Nature of the Linguistic Sign
1. What Is a Sign?
Some people think language is just about naming things — like using the word "tree" to point to an actual tree. But this idea has problems. It assumes:
- We already have ideas before we have words.
- We know whether a word is just a sound or also a mental concept.
- Naming something is simple — which it isn’t.
Actually, a linguistic sign is made of two parts:
- Concept (what we think of — like the idea of a tree)
- Sound-image (the mental sound of the word — not the real sound, but how it feels in our mind)
These two parts are joined together in our brain. So when we hear the word “tree,” we also think of the idea of a tree.

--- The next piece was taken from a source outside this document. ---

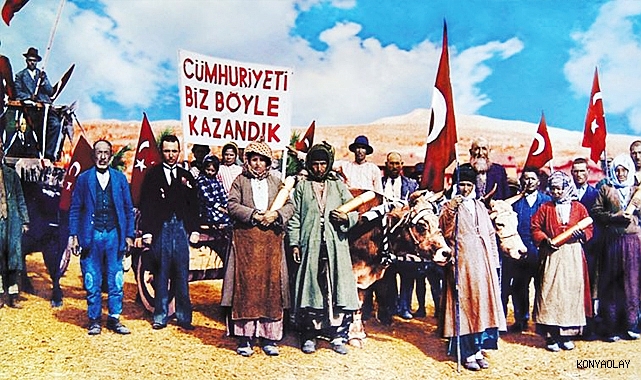 Türkiye Cumhuriyeti’nin 100. kuruluş yıldönümü ülke genelinde çeşitli etkinliklerle kutlanıyor. Cumhuriyet Bayramı’nın coşkusu bütün yurdu sararken, Cumhuriyet’in simgesi haline gelen “Cumhuriyet'i biz böyle kazandık” pankartlı fotoğrafın gerçek hikayesi yeniden gündeme geldi. Simge fotoğrafın hikayesini, yapımcı, oyuncu ve senarist Gülse Birsel 2015 yılında yazmıştı. Fotoğraf, Uşak'ın ilk fotoğrafçısı Foto Kazım diye bilinen Kazım Özler tarafından çekilmişti. Dedesinin Kurtuluş Savaşı'nda savaştığını ve 4 madalyasının olduğunu belirten Gülse Birsel, o fotoğrafın hikayesini "Uşaklı bir ailenin hikâyesi... Benim ailemin..." başlıklı yazısında şöyle anlatmıştı:“‘Cumhuriyet'i biz böyle kazandık’ başlıklı, Kurtuluş Savaşı'nın sembollerinden biri haline gelmiş bu meşhur fotoğrafı biliyorsunuz. Bu fotoğraf 1933 yılında çekilmiş. O yoksul, Cumhuriyet'i küçük imkânlar ama gururla kutlayan şehir, Uşak. Yani babamın memleketi.Onun babası, yani dedem, İstiklal Savaşı'nda 4 madalya almış Asım Bey. O zaman Kurtuluş Savaşı'nda mücadele edenlere çokça dendiği gibi, lakabı ‘Mücahit Asım’. ‘Cihat’ kelimesinin şimdi Ortadoğu'da olduğu gibi üzerine bomba bağlayıp masum insanların ortasında patlatmak için kullanılmadığı, bu vatanın bağımsızlığı için mertçe savaşmayı ifade ettiği yıllar.Dedemin 33 kurşun deliği olan bir pelerini var, ilginç bir savaş anısı olarak sonradan Tarih Kurumu'na bağışlanmış.""O SİYAH CEKETLİ ADAM...""Fotoğrafın ilginç ve benimle ilgili hikâyesine gelelim: 1933 yılının Cumhuriyet Bayramı'nda çekiliyor. Uşak'ın ilk fotoğrafçısı Hüsnü Kazım Özler tarafından. Babamın deyimiyle 'Foto Kazım'.Fotoğrafta gördüğünüz siyah ceketli, kravatlı adam, babamın kuzeni! Dedem Mücahit Asım'ın eşinin (yani babaannemin) dayısının oğlu Kamil Kabalak. Uşak o zaman Kütahya'ya bağlı bir ilçe ve Kamil Bey de o ilçenin belediye başkanı."FOTOĞRAF 90’LARIN BAŞINDA BULUNDU“1990'ların başında babam bu fotoğrafı evde buluyor! Resimdeki kuzeni Kamil Kabalak'ın oğlu Hasan Kabalak'a, Ankara'ya yolluyor. Onlar da Genelkurmay Başkanlığı'nın arşivine gönderiyorlar. Fakat arşive yanlışlıkla Ankara'da 1929'da çekilmiş diye kaydediliyor.”“2007 yılında, fotoğraftaki Kamil Kabalak'ın yeğeni, (maalesef çok yakın zamanda rahmetli olan) Tuğgeneral Zeki Güngör, dayısının bulunduğu resmi, bir askeri tesiste "Ankara–1929" yazısıyla görüyor. Düzeltilmesi için dava açıyor. Fotoğrafın Uşak'ta çekildiği tespit ediliyor.”

And when we think of a tree, the word comes to mind.
2. Signified and Signifier
Saussure uses three terms:
- Sign: the whole unit (concept + sound-image)

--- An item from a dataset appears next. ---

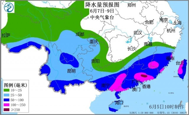 7日至9日,湖南南部、江西中南部、福建、廣西、廣東、海南、臺灣及四川中南部、云南、貴州西部等地部分地區(qū)將有大雨或暴雨,局地大暴雨。廣西東部、廣東西南部和中東部、福建西南部和東部沿海、臺灣西部等地部分地區(qū)降雨量可達100~180毫米,局地200~300毫米;上述地區(qū)還將伴有短時強降水(最大小時降雨量30~50毫米、局地70毫米以上)、雷暴大風等強對流天氣。

- Signified: the concept (e.g., the idea of a tree)
- Signifier: the sound-image (e.g., the mental sound of the word “tree”)
3. Principle I: Signs Are Arbitrary
The connection between the signifier (sound) and the signified (idea) is arbitrary, meaning:
- There’s no natural reason why the sound “tree” means that tall plant.

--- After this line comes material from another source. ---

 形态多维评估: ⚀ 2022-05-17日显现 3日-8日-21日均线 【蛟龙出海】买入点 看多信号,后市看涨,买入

- Different languages use different words for the same thing (e.g., “tree” in English, “arbre” in French, “Baum” in German).
- Words are based on social agreement, not natural connections.
Some may say sounds like “tick-tock” (onomatopoeia) are natural. But even these:
- Are limited in number.
- Differ between languages (e.g., dogs say “bow-wow” in English but “oua-oua” in French).
- Change over time just like normal words.
The same goes for interjections like “ouch!” or “ah!” These also differ across languages and were often once regular words with specific meanings.
4. Principle II: Signs Are Linear
Since sounds happen over time, signifiers (the sound part of a word) are linear:
- We can only hear one sound at a time, in a row.
- Words happen in a straight line (like a sentence), not all at once.
Even when it feels like we say two things at once (like adding stress to a syllable), it's really one sound event.